The Turks & Caicos are one of the lesser known chains of islands in the Caribbean, but they’re definitely worth knowing about!
Located in the Lucayan Archipelago Turks & Caicos is a chain of 40 small islands which is a British Overseas territory.
The islands are home to some of the best beaches in the world, but they also have a lot more to offer as well!
Here are three things which you probably didn’t know you could do in the Turks & Caicos Islands.
Visit the World’s Only Conch Farm
The conch is one of the island’s main exports, and you can even visit the world’s only working conch farm, where you can see how these intriguing creatures are grown.
Conches are the shells of sea snails, which can be cooked and eaten, one of the island’s main delicacies which you have to make sure you try during your stay!

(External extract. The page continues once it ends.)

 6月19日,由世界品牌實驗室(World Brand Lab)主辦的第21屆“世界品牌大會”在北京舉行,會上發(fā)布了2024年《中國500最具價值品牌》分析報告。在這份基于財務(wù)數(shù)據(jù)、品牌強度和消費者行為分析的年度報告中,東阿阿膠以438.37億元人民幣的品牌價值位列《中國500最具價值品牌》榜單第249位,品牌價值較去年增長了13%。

At the farm, you can take a tour to learn about the biology of the conch, and the technology and methods which are used to cultivate them right through from hatching as eggs to metamorphosis and the post-larval stages.
They also farm various varieties of warm-water fish using revolutionary and state of the art methods, and the farm is a truly unique attraction, the likes of which you won’t find anywhere else!
Take a Glow Worm Cruise
Boat cruises are a great way to experience the island, especially as the sun goes down, but did you know you can also spot one of nature’s rarest phenomena?

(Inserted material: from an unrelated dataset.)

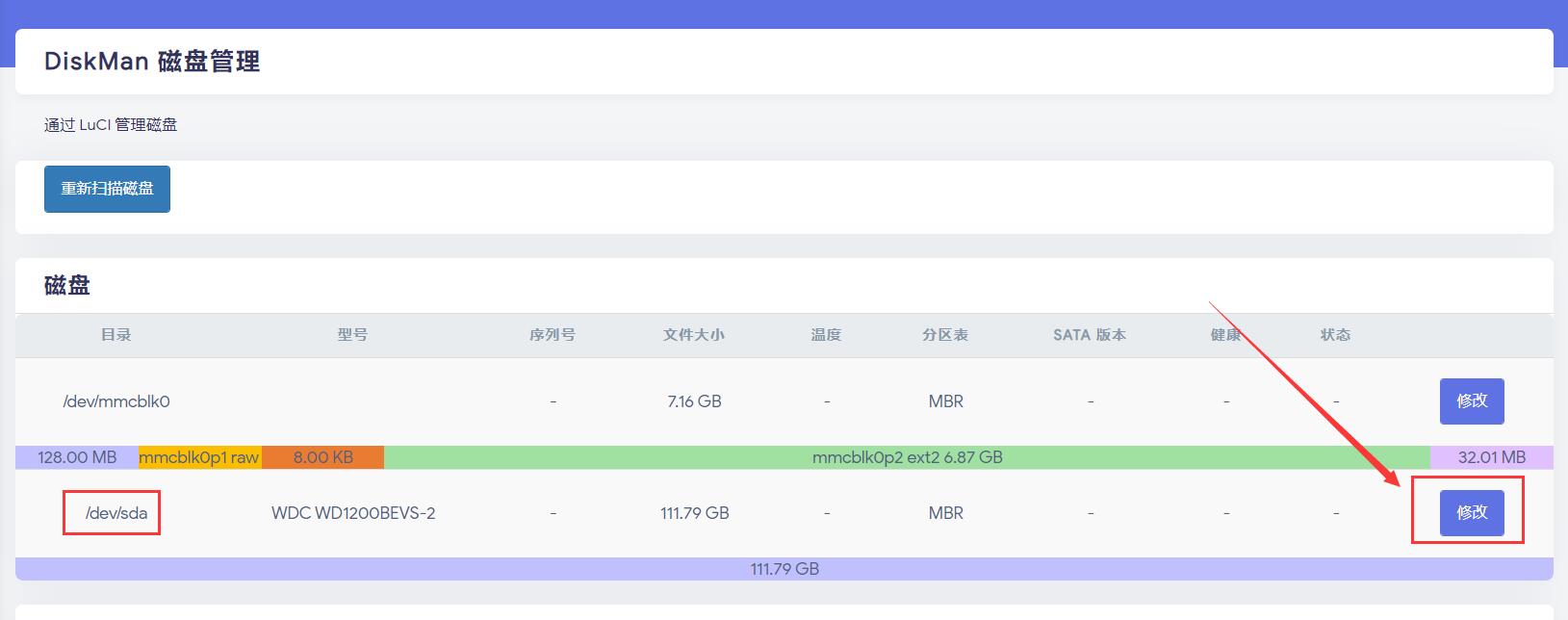 - 磁盘管理会发现一块空盘,点击空盘右边的“修改”按钮;

If you time your visit just right, you might be able to see hundreds of small glow-worms (Odontosyllis) rise up from the bottom of the ocean and light up the sea with their unique green glimmer are part of a mating ritual where the female releases her eggs to the surface.
We spoke to our friends at the Beach House and Blue Haven resorts on Grace Bay, who said: “The glow-worms are usually best seen on the south side of the island, in the shallow waters surrounding the Caicos banks.
“It can be difficult to pinpoint exactly when you’ll see the glow-worms, with weather and location playing a part, but they’re generally seen just after sunset after a full moon.”
See Endangered Species of Fish
For such a small group of islands, Turks & Caicos are home to a surprising amount of rare marine life, such as the French Angel, Blue Tang and Squirrelfish.
In fact, the islands are actually on the tentative list of UNESCO World Heritage sites.
The best way to see these fish and more is to head out scuba diving or snorkelling in the reef surrounding the islands, with Smith’s Reef and Bight’s Reef being some of the more popular locations for snorkelling.
If you’ve never been snorkelling before, don’t worry as there are plenty of instructors around the islands, who can assist you in learning the ropes and provide you with all the equipment which you’ll need.